Как уживались они — вздорная, комичная и не очень грамотная еврейская старуха (поосторожней со старухой, вряд ли она была старше тебя нынешней, милочка), и мой армянский папа, рафинированный, ироничный, совершенно случайно попавший в густое варево подольского, а потом и воскресенского бытия. Думаю (не без тайной гордости), не последнюю роль в этом сыграла я…
Похоже, что-то иногда объединяет и примиряет совершенно непохожих и, казалось бы, несовместимых по духу, воспитанию, образованию людей. Допустим, то, что во всем этом безумном вареве, в смещении координат, установок, правил и исключений из них всегда существует главное и второстепенное, великое и пустое.
Авраам родил Исаака, Саак (мой армянский прадед) родил Тамару. Мирл родила Розочку, которая, как вы помните, стала сводной сестрой Ривы. В этом странном, непредсказуемом, неправдоподобном сюжете — войны, погромы, революция, резня.
Блеяние овец, горные хребты и перевалы. Темноглазые люди со строгими иконописными ликами. Коммуналки, комоды, квитанции. Скомканные, мятые рубли, тяжелые медные монеты, бельевые прищепки, исчезающие по воле случая…
«Пусть он таки возьмет деньгами», говорила бабушка, надвигаясь на меня с ложечкой, подаренной однажды «на зубок». Ложечку за папу, ложечку за маму, и я открывала рот, глотая ненавистную, в комках манную кашу, впитывая алеф и бет, а также гимел и далет, основу любой мало-мальски приличной библейской истории.

Книги

Некоторые книги геометрически, я бы сказала хирургически или гомеопатически точно встраиваются в хронологию жизни. Не будь их, она (эта самая жизнь) могла бы сложиться иначе, однозначно.
Возьмем «Трех товарищей» Ремарка. И вообще Ремарка.
Иначе о чем тогда было многозначительно переглядываться в мои восемнадцать? Исключительно о «необычайно прекрасной погоде», не так ли, господа? Первой влюбленности как нельзя более соответствует ремарковская интонация, только вооружившись Ремарком можно войти в восемнадцатую осень жизни…

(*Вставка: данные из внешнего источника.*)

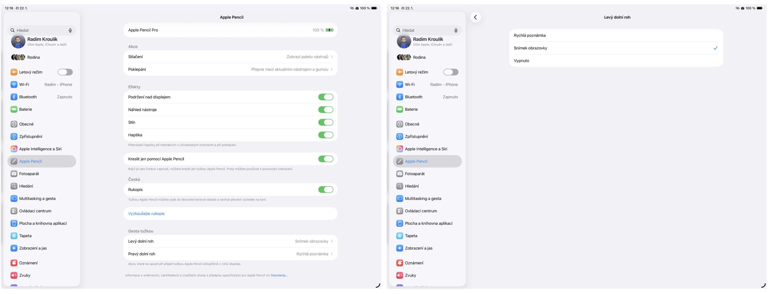 Apple Pencil umožňuje na iPadu rychlým gestem vyvolat konkrétní akci. Na výběr máte dvě možnosti, a to udělat snímek obrazovky nebo vytvořit rychlou poznámku. Třetí možností je pak toto gesto vypnout. Gesto vyvoláte kdykoliv, kdy přejedete tužkou z levého nebo pravého spodního rohu obrazovky úhlopříčně směrem do středu displeje.

К двадцатой зачитанные страницы уходят на полку, и только изредка напоминают о себе укоризненным шорохом и вздохом. Нет, будут еще возвращения, не менее страстные, исполненные романтической грусти и отчаянья. Но перечитанная не единожды книга возвращает к уже пережитому. Жажда (забвения, и, собственно, самой жизни), преподносит сюрпризы.
Пусть это будет Белль.
Где ты был, Адам? Бильярд в половине десятого. Глазами клоуна. Стоп. О настоящих потерях языком Белля. Не Ремарка. Все совпадает. Книга ложится в руку (иногда абсолютно случайно), и тут же — подтверждение. Юношеский романтизм уступает место чему-то подлинному, не то чтобы предыдущее было ненастоящим, напротив, но подлинность Белля иная. Так соло на трубе уступает убедительности и мощи органа.
После Белля — долгий провал. Есть период, в котором не помню ни одной книги. Откуда-то выныривает «Игра в классики», закладка в пухлом томе Цвейга, вновь перечитана Купринская «Яма». Уже важно цитируется Борхес. И все-таки Маркес. Пожалуй, он.

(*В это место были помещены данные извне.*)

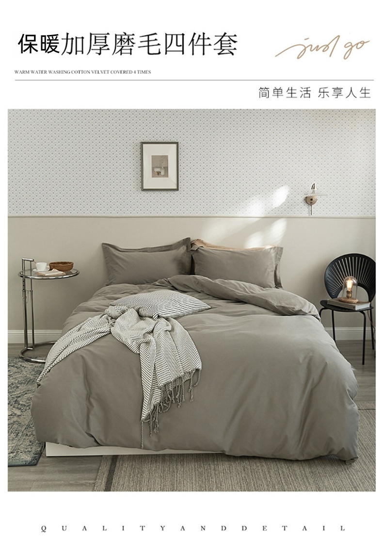 当前位置: 91家纺网 > 商品网购 > 床品套件 > 四件套 > 普通磨毛四件套 > 2021新款加厚磨毛四件套浅棕灰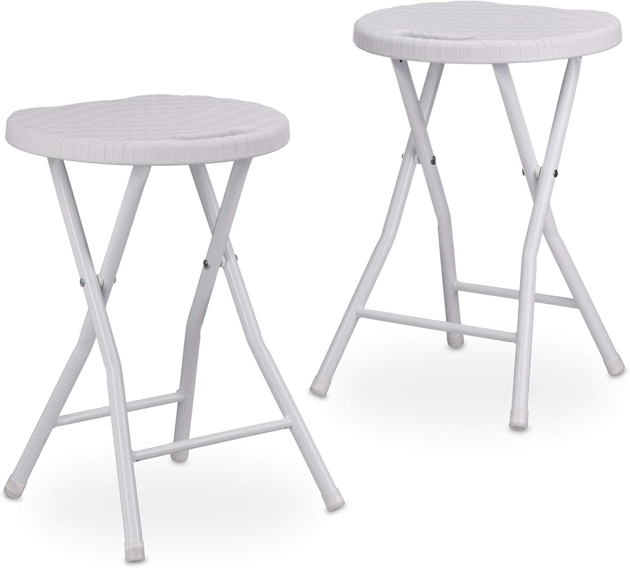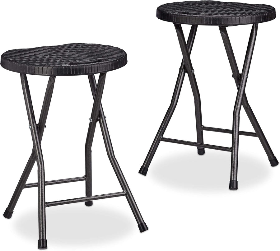 Relaxdays Klapphocker BASTIAN rund, 2 Stk. Faltbar, Kunststoff, Rattanoptik, Wetterfest HxBxT: 45 x

Если бы не Маркес (и вся латиноамериканская проза в придачу), не появился бы на свет мой сын. Родился бы какой-нибудь сын (или дочь), но благодаря Маркесу родился именно этот. «Любовь во время холеры» (чумы и прочих напастей) и по сей день со мной. В наивысшем смысле мы никогда не изменяем нашим любимым книгам. Ремарк, Белль, Маркес, Кортасар.

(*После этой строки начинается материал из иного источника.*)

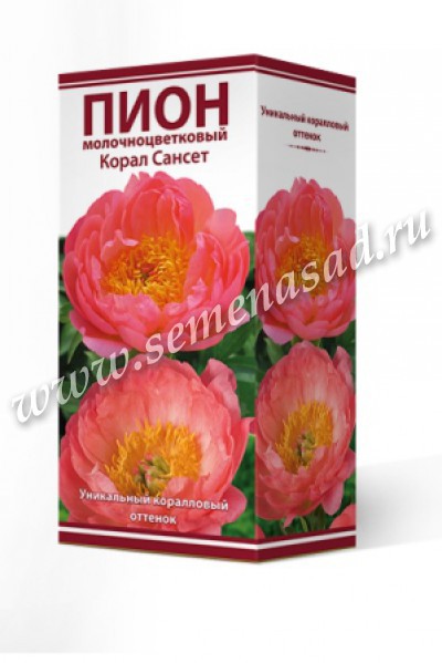 Пионы – травянистые многолетники с мощными мясистыми корнеклубнями, реже кустарники. Стебли до 100 см высотой. Цветки крупные одиночные, простые, полумахровые, махровые; белые, розовые, красные, реже желтые. Листья крупные рассеченные. Месторасположение: солнечный или полутенистый участок. Почва: умеренно сухая, свежая, богатая питательными веществами. Не переносит плотных почв. Посадка: весной или осенью, примерно за месяц до посадки готовят ямы 60х60х60 см. Делёнку сажают так, чтобы над почками был слой земли 3-5 см. При низкой или высокой посадке пионы не цветут! После пересадки сортовые качества проявляются на 2-3 год! Цветение: в первой половине лета. Использование: красивы в одиночных посадках, группами среди газона, в рабатках и смешанных посадках. Незаменимы в букетах и композициях. Корал Сансет - высота растения 90 см. Срок цветения ранний. Цветок крупный, полумахровый. При роспуске розово-коралловый, затем персиково-розовый, позднее - цвета топленого молока. Тычинки и нити желтые. Стебли крепкие, прямые. Ароматный. Срезочный сорт. Похожие товары

Кундера. Конечно же, он. Уже там, в другой жизни, на другой планете, в очередной раз оказавшись на распутье, пусть это будет летний день, жара, побережье, небольшой филиал «Стеймацки», спасительная прохлада, шелест книжных листов, хватаешь (наощупь, на запах) вот эту самую. Там все о тебе. О тебе сегодняшней. О невыносимой этой легкости и тяжести, о том, о чем невозможно ни с кем проговорить.
Итак, Кундера, прочитанный залпом, со смешанным чувством стыда и изумления (там кто-то подсмотрел твою жизнь, некие интимные моменты, и перенес их сюда, выложив на всеобщее обозрение). Листаешь под подушкой, пылая, отмечая рассыпанные по страницам жемчужины.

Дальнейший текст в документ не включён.